Sunbury’s old lock next for new look

But lock-keeper’s house to be included in Environment Agency’s renting experiment

Sunbury's old lock

The Old Lock at Sunbury has been refurbished but it is one of manual type as the old wheel-controlled sluice mechanisms show

FOLLOWING on from the excellent news about the refurbishment of Chertsey Lock nearing completion that I wrote about last week come further tidings to gladden the heart of all boat owners – Sunbury Old Lock has also been given a makeover.

The old lock, which was originally built in 1856, had fallen into disrepair and was seldom used but with the increase in river traffic over recent years – and particularly during the summer months – congestion at Sunbury was becoming a significant problem.

So the Environment Agency, God bless ‘em, finally decided to give the old lock a revamp that took place during the winter so that it may once again be used to keep traffic flowing on the river.

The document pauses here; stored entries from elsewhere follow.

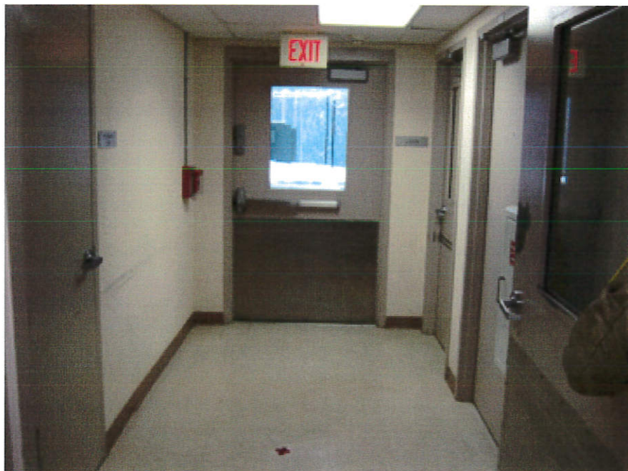
Exhibit F – Hallway Elevator Entrance Blind Spot (Camera Located Around Corner to the Right)
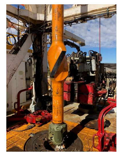
Currajong 1 spud assembly
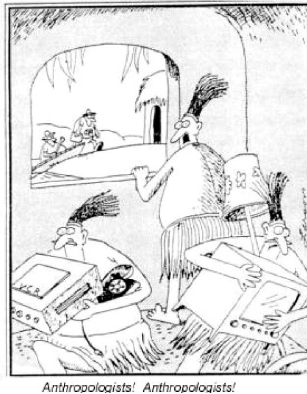
Figure 2 'Anthropologists! Anthropologists!': Reciprocal Pre-expectations.

to offer, much of which has not been recognized up until recently (Heckathorn & Jeffri, 2001).
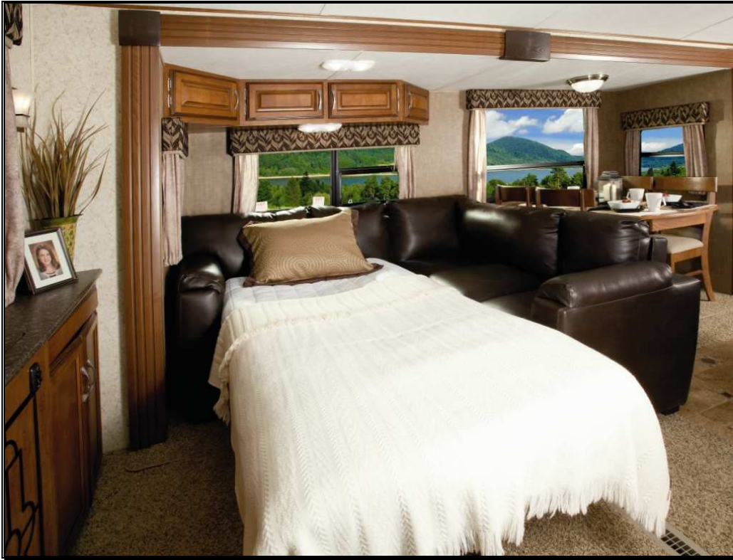
Sectional sofa with the bed made
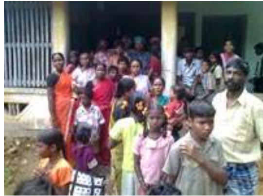
Water...Water... Everywhere... and the affected Citizens of India

ARAM Trust had started their service immediately during the cyclone. ARAM Trust has provided food for 2850 peoples for 4 days and it's distributed nearly 15,000 packets of food for elders, 5600 packets of biscuits and milk for children's. It also conducted a on the spot medical camp during the rescue operation handled by Military. We have given shelter and food for the military peoples. ARAM Trust has worked with Military, Deputy Collector of Thiruvavarur District and with Revenue officers during that time and provided food and medical aids to the rescued peoples.
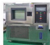
CONSTANT TEMPERATURE AND HUMIDITY MACHINE 恒温恒湿机
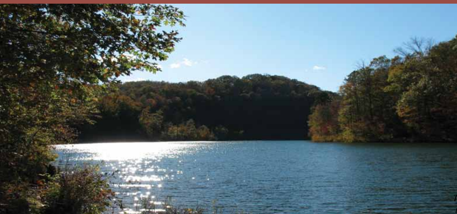
The Mud River in Lincoln County is a remote fishing and recreational area
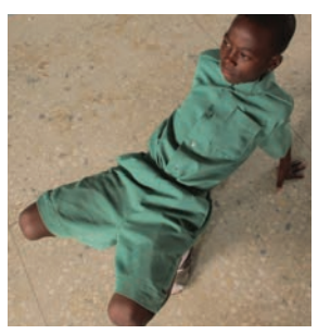
Remind pupils that the past tense means something that has happened, eg: 'He jumped'.
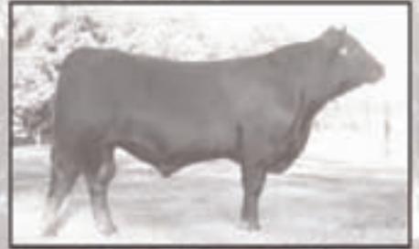
Partisover Net Worth 030 Reg: 16613266 Sire: S A V Net Worth
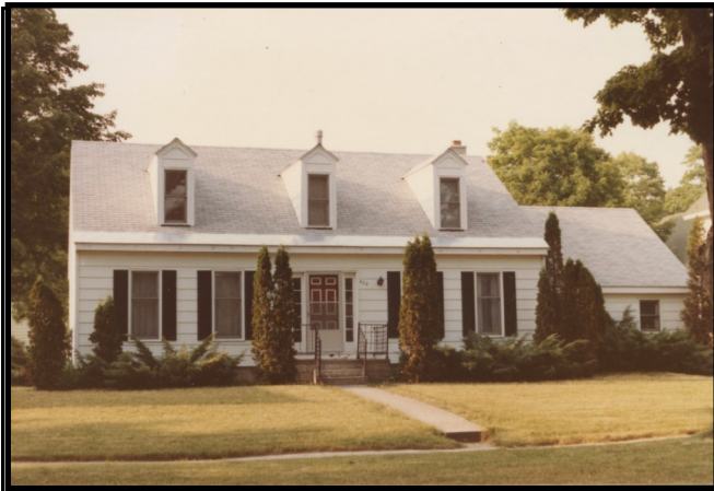
First Congregational Church of Frankfort Parsonage, 1980's
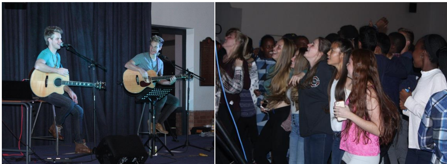
The band was a great hit at the College back in 2015

All staff as well as the Grade 8 and 9 parents are invited to join the students. The event will be in the same format as a night at the Barnyard Theatre. Families are welcome to bring their take-away dinners and non-alcoholic drinks along and have dinner while being entertained by the talented band. The evening promises to be very entertaining with a few surprises during the performance... The event will finish no later than 21:00
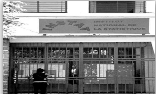
"The other access" by Ranaivosoa Tolojanahary, Antananarivo, Madagascar

Today, some of the strongest calls for the right to information come from regions outside of Europe. South Asia, for example has experienced a notable groundswell. Of the nearly 100 participants in the international “I have a right to know!” photography contest, FOIANet received more entries from India than from any other country. 14 The photographs are a fascinating window into the activity, energy, and enthusiasm for the right to information in this country. The 2 nd and 3 rd place winners in the contest were from India; the winner, shown below, came from Madagascar.
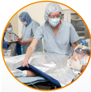
During the perioperative period
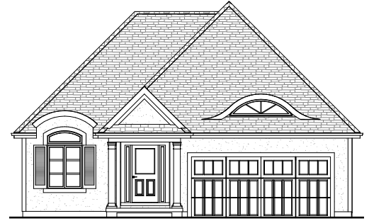
ELEVATION OPTION C
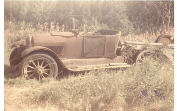
(Car we tracked down in the valley)

a lady who had a 1919 model "T" coupe up on blocks, had 202 miles on it, never been in the rain, and a man who had been coming in from 1919 until 1945 to turn the engine over by hand and deflate and inflate all 5 tires with a hand pump. 1919 was the first year for an electric starter as standard equipment, and the car also had factory slip covers on doors and seats. Paid $50 for it. People who knew both our families would cross the street to avoid me, thinking that I not only had my back fractured, but my head as well, for as you know, such cars were being used as scrap metal for the war. At the same time, we needed a bed to sleep in, and since Betty had no objection, I decided we would collect early American item to create our home furnishings - - thus I bought a most unusual rope bed made by the old Shaker sect - and to this day, we still sleep in it. Let me now shorten the story by saying our entire house - and when I lived in Elmendorf, unlike most housing, I had all my own furnishings, all antiques except for kitchen and bath - and today its still that way - children brought up on rope beds, 1850 furnishings, etc.

Before anyone gets too excited, I should probably remind skippers that the old lock is very definitely a manual lock – no hydraulic lifting of sluices or opening of gates here, chaps.

Instead, the sluices are controlled by the big old-fashioned paddle wheel units on top of the gates while the gates themselves are opened and closed simply by pushing on the huge timbers attached to them – so it’s not for use by wimps.

But if it means working up a bit of sweat to go through the old lock rather than waiting half an hour to use the new one, I think there will be more than a few who will roll up their sleeves and give it a try.

The lock keeper’s house at Sunbury

The lock-keeper’s house at Sunbury is one of those to be rented out by the Environment Agency

STILL on the subject of locks – well, lock houses at least – the Agency has finally responded to the pleas from the Thames Users’ Group (TUG) asking it to abandon plans to rent out the nine lock houses which have become vacant or are about to become so with the retirement of the resident keepers.

TUG chairman Michael Shefras tells me that EA chairman Lord Smith has announced that a pilot study will take place covering just five of those houses  – sadly still including Chertsey and Sunbury – and that a review will then take place around April 2013.

I find this a disappointing response – I think there is still a very strong argument for having keepers living at the locks for which they are responsible but I guess it comes down to having to save money – as always.

FINALLY this week, I’d like to draw your attention to the annual lecture organised by the Rotary Club of Shepperton Aurora.

It takes place at Halliford School in Shepperton on Wednesday, March 28 from 6.30pm and the speaker is the inspirational Mike Brace CBE who is vice president of the British Paralympic Association.

He will be speaking on the subject of It’s Ability that Counts – and he is always well worth listening to.

Mike lost his sight at the age of 10 when a firework blew up in his face but since that time he has taken part in more than 50 sports including sailing, surfing, canoeing, skiing and cricket.

Tickets, which cost £10 and include a welcome drink, are available from Laurie Burrell on 01932 564 556.